Milk prices could fall to 2009 levels warns Lakelands boss
Lakeland's boss Michael Hanley said that the EU needs to tap into superlevy fines collected in recent years to support collapsing milk prices.
With further price falls widely expected in the coming weeks, the Lakeland's CEO said that there was a possibility that prices could collapse to the lows last seen in 2009.
"The price that butter and skim milk powder made in the most recent Global Dairy Trade (GDT) auction was the equivalent of 19c/l. There's nothing stopping prices dropping to those levels if Brussels doesn't wake-up and accept what's happening," said Mr Hanley.
"They collected €400-500m in superlevy fines in the last year, and they'll probably collect the same again this year. A large part of the problem was created by Brussels when Russia banned EU food exports. It's not right to let farmers shoulder all the fall-out from this," he said.

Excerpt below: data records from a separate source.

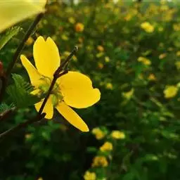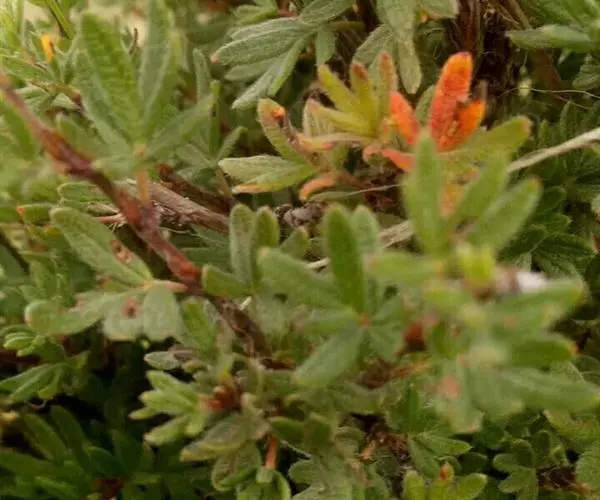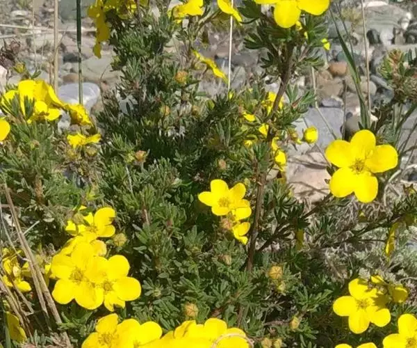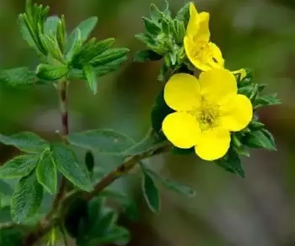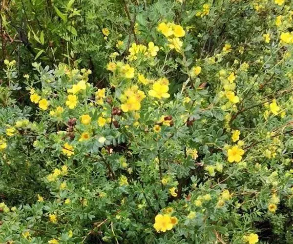 金露梅(学名:Potentilla fruticosa L.)是蔷薇科,委陵菜属灌木植物,高可达2米,树皮纵向剥落。小枝红褐色,羽状复叶,叶柄被绢毛或疏柔毛;小叶片长圆形、倒卵长圆形或卵状披针形,两面绿色,托叶薄膜质,单花或数朵生于枝顶,花梗密被长柔毛或绢毛;萼片卵圆形,顶端急尖至短渐尖,花瓣黄色,宽倒卵形,顶端圆钝,比萼片长;花柱近基生,瘦果褐棕色近卵形,6-9月开花结果。
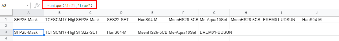 =unique(A1:J1 범위에서 중복제거해, (열 데이터 중복 제거 할거니까 비워두면 됨) ,중복이 없는 항목만 골라서 반환해)
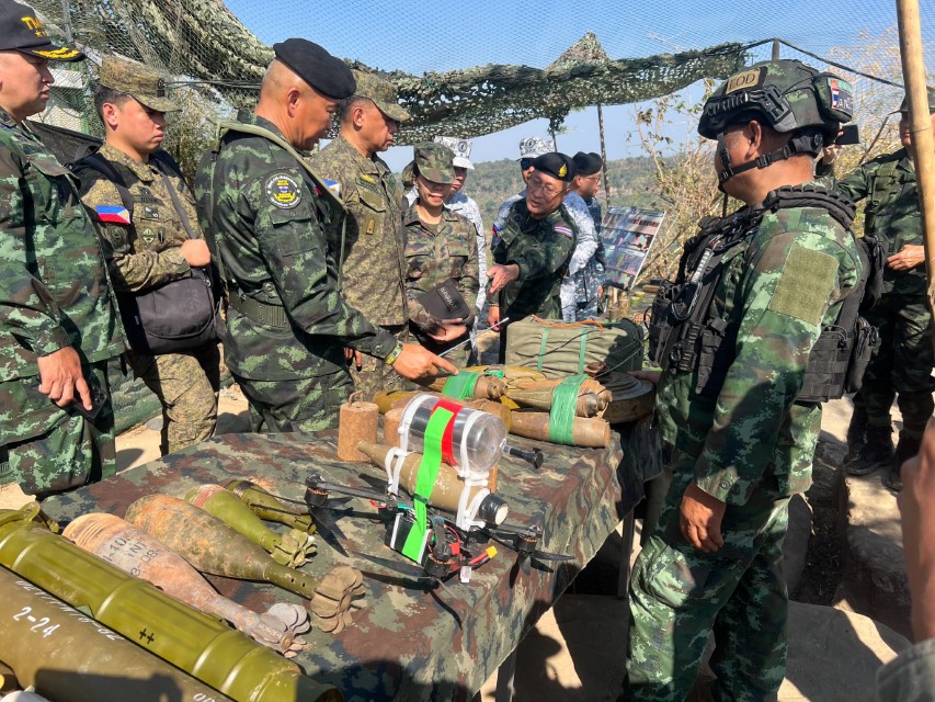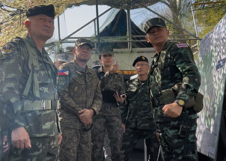 หลังจากนั้น พลเอก Romeo S.Brawner Jr. เสนาธิการทหารกองทัพฟิลิปปินส์และได้ตรวจพื้นที่ ภูมะเขือ ซึ่งเป็นพื้นที่ยุทธศาสตร์ด้านภูมิประเทศ รวมถึงพื้นที่ชุมชนในตำบลเสาธงชัย อำเภอกันทรลักษ์ ที่ได้รับผลกระทบจากการที่ฝ่ายกัมพูชาใช้อาวุธจรวดหลายลำกล้อง BM-21 ยิงเข้ามาในเขตอธิปไตยของไทย ส่งผลให้บ้านเรือนประชาชนได้รับความเสียหายอย่างรุนแรง และสูญเสียทรัพย์สินและที่อยู่อาศัย ตลอดจนมีผู้เสียชีวิต สะท้อนให้เห็นถึงผลกระทบด้านมนุษยธรรมจากการใช้กำลังทางทหารต่อเป้าหมายพลเรือนอย่างชัดเจน นอกจากนี้ คณะเสนาธิการทหารกองทัพฟิลิปปินส์ยังได้พิจารณาภูมิประเทศตลอดแนวชายแดน เพื่อรับทราบมิติทางยุทธศาสตร์ โดยเฉพาะข้อเท็จจริงที่ฝ่ายกัมพูชาถูกตั้งข้อสังเกตว่า ใช้พื้นที่ ปราสาทพระวิหาร ซึ่งเป็นแหล่งมรดกโลก เป็นที่ตั้งกำลังทหาร จุดสะสมอาวุธ และฐานยิงโจมตีเข้ามายังฝั่งไทย พร้อมตรวจดูวัตถุพยานที่ตรวจเก็บกู้ได้หลังสถานการณ์คลี่คลาย อาทิ ซากกับระเบิดชนิดต่าง ๆ โดรนพลีชีพ (FPV) และหัวรบวัตถุระเบิด
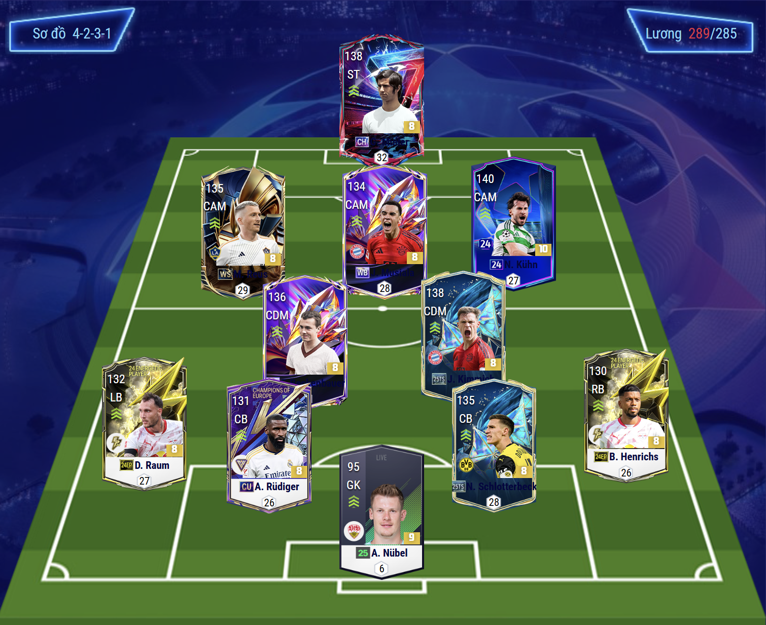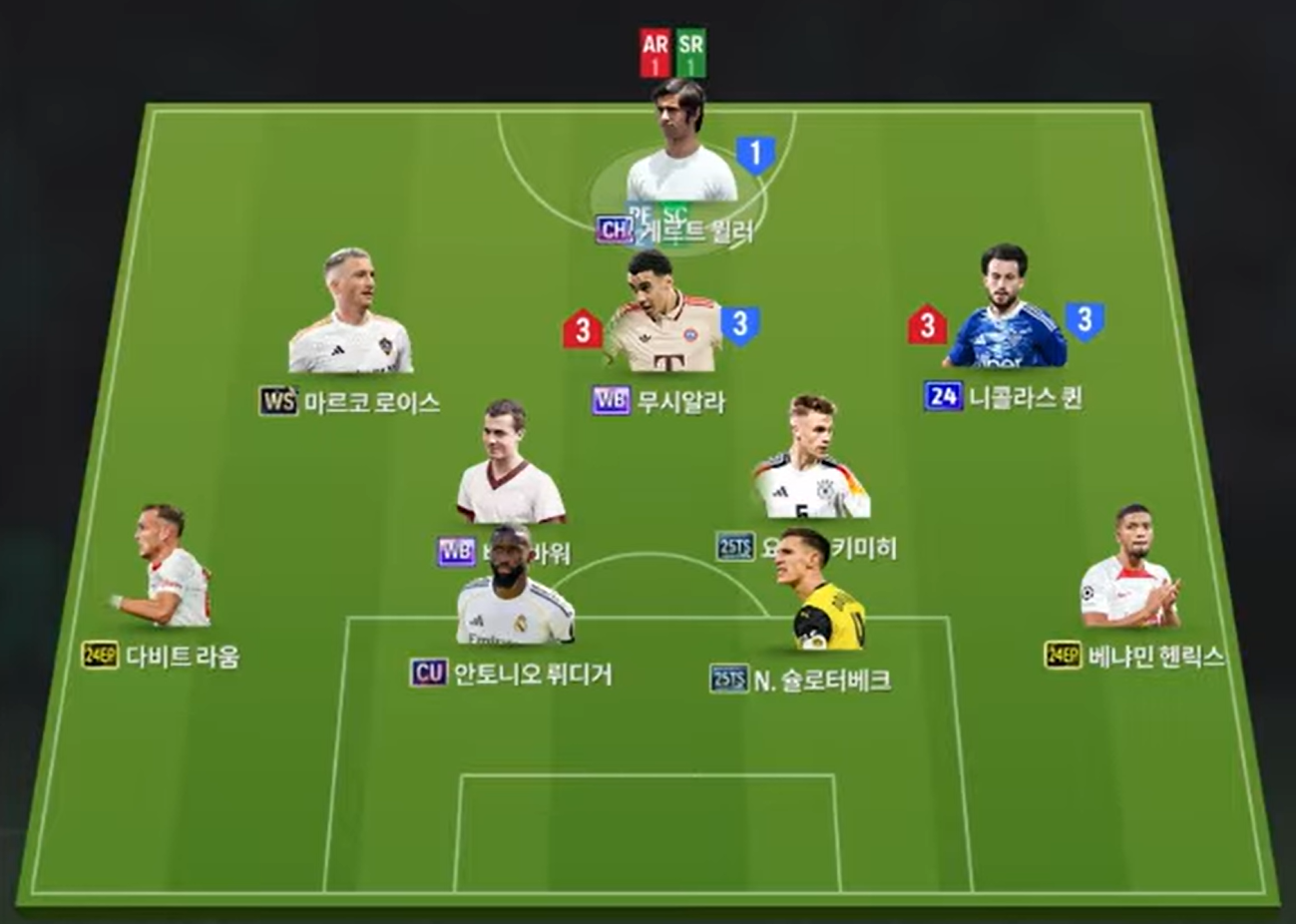 Sơ đồ 4231 được lựa chọn với vị trí tiền đạo cắm là Gerd Muller, vua dội bom của bóng đá Đức với khả năng dứt điểm toàn diện bằng cả 2 chân trong phạm vi vòng cấm, tốc độ ổn cùng khả năng tì đè khó chịu cũng là những điểm lợi thế của tiền đạo người Đức. Bộ 3 tiền vệ công Reus, Musiala và Kuhn lần lượt cho 3 vị trí LAM, CAM và RAM. Cả 3 đều sở hữu khả năng rê dắt, chuyền chọt cho đến dứt điểm tuyến 2 khá hiệu quả đem lại khả năng kiểm soát không gian phía trên một cách hợp lý.

While Mr Hanley had earlier told delegates at the National Dairy Conference that his biggest fear post quota was getting enough milk to meet demand, the northern dairy processor boss claimed that there was a massive short-term over-supply of the order of 25pc.
"The EU hasn't stepped in to support dairy markets in five years, but if they continue to stand by, prices will have to drop to 19c/l before intervention kicks in. Once quotas go next April, the EU will have cut it's last ties with the sector. But until that day arrives, they should be obliged to do more to help it."